When drafting the termination provision of an executive employment agreement, it is common to include termination in the event of death, disability and corresponding inability to work for an extended period of time, for cause, for good reason, and without cause or good reason. In contracts that include a term, employers should include a provision describing what happens if the parties allow the term to expire. Failing to include such a provision may mean that the expiration of the term is viewed as a termination without cause and could trigger severance obligations when that was not the employer’s intention. In the same vein, an agreement for short-term employment may include a “notice” provision for either party to provide advance written notice of their intent not to renew the agreement.

Employers should also be sure to include the executive’s obligations in order to be paid severance in the event of termination without cause or for good reason. Such obligations might include the return of company property, non-disparagement, compliance with post-employment restrictive covenants, cooperation with the company with respect to litigation, audits, investigations, or other proceedings of which the executive may have knowledge. Most important is that the executive should sign (in a timely manner) a separation agreement containing a release of all claims in order to receive the severance.

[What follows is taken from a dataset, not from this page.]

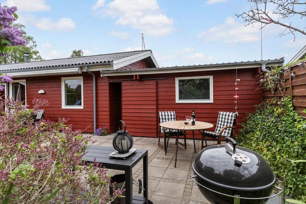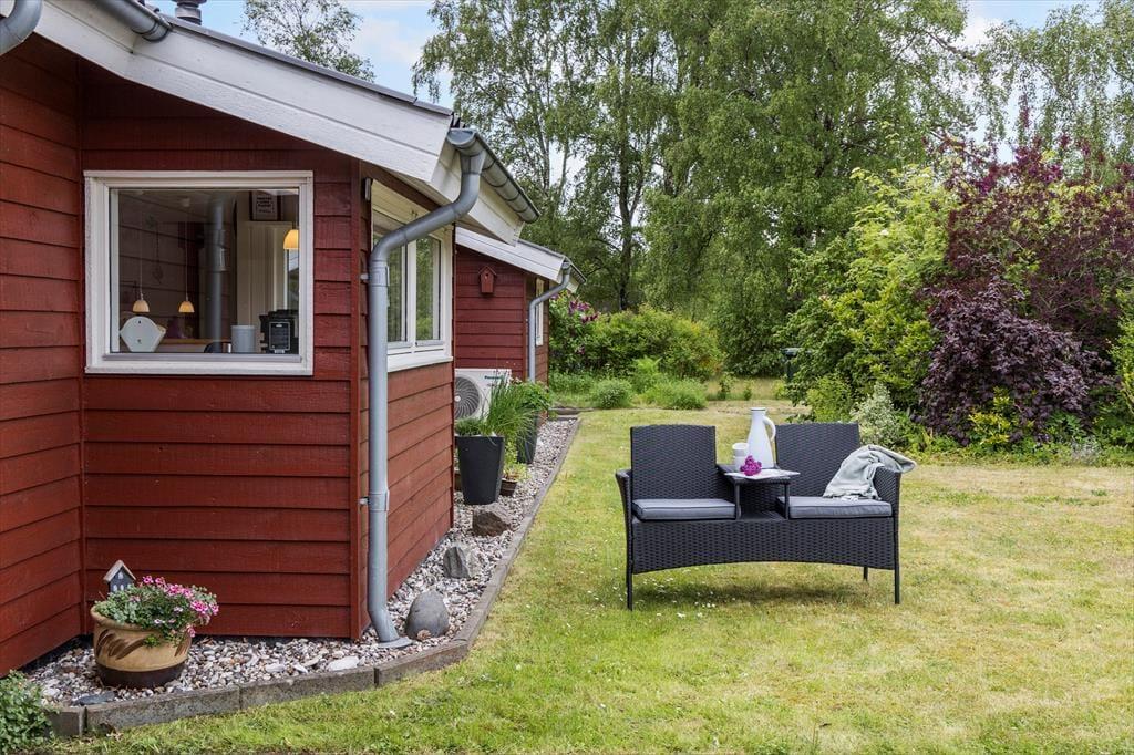 Sommerhuset ligger på en herlig naturgrund, der oser af hygge og ferieglæde. De mindste kan kaste sig over sjove eventyr i sandkassen, svinge sig højt mod himlen på gyngen eller suse ned ad rutsjebanen – her er garanteret grin og glade dage. Imens kan de voksne læne sig tilbage i de bløde havemøbler på den solbeskinnede sydvendte terrasse, nyde en god bog eller bare lukke øjnene og mærke feriefreden sænke sig. Når maverne begynder at rumle, er grillen klar til at trylle lækre måltider frem, som kan nydes i det fri – med fuglefløjt og feriedufte som perfekte ledsagere.

Almost always, executive employment agreements contain restrictive covenants governing post-employment obligations, such as non-disclosure of confidential information, non-compete, non-solicitation of both clients and employees, and covenants not to interfere with important relationships of the employer. These are critical provisions for both the executive and the employer, and the parties will want to carefully define the length of the restrictions, the geographic area of the restriction, and the scope of the restriction, including a definition of a “competitive business” or a “client.”

Other provisions that parties may want to consider including in the agreement include:

  • Change in control
  • Successorship
  • Assignability
  • No other agreements
  • Amendments must be in writing
  • No representations other than in the agreement
  • Signing electronically and in counterparts
  • Choice of law
  • Venue
  • Disclosure to future employers required
  • Notification by employer to potential employers permitted
  • Mediation and/or arbitration (or waiver of jury trial)
  • Tax issues: Section 409A

Often, these provisions are viewed as “boilerplate,” and a party might skim over this part of the agreement. However, it is important to understand each of these provisions and how they impact the rights of both the employer and the executive. For example, with a notification of a potential employer’s provision, an executive may not realize that the employer has the right to send a prospective employer a copy of their agreement, which includes compensation information and the non-compete.

The bottom line in drafting an executive employment agreement is that parties must take care to ensure that the agreement reflects their deal, and that each party understands their rights in the event of an exit.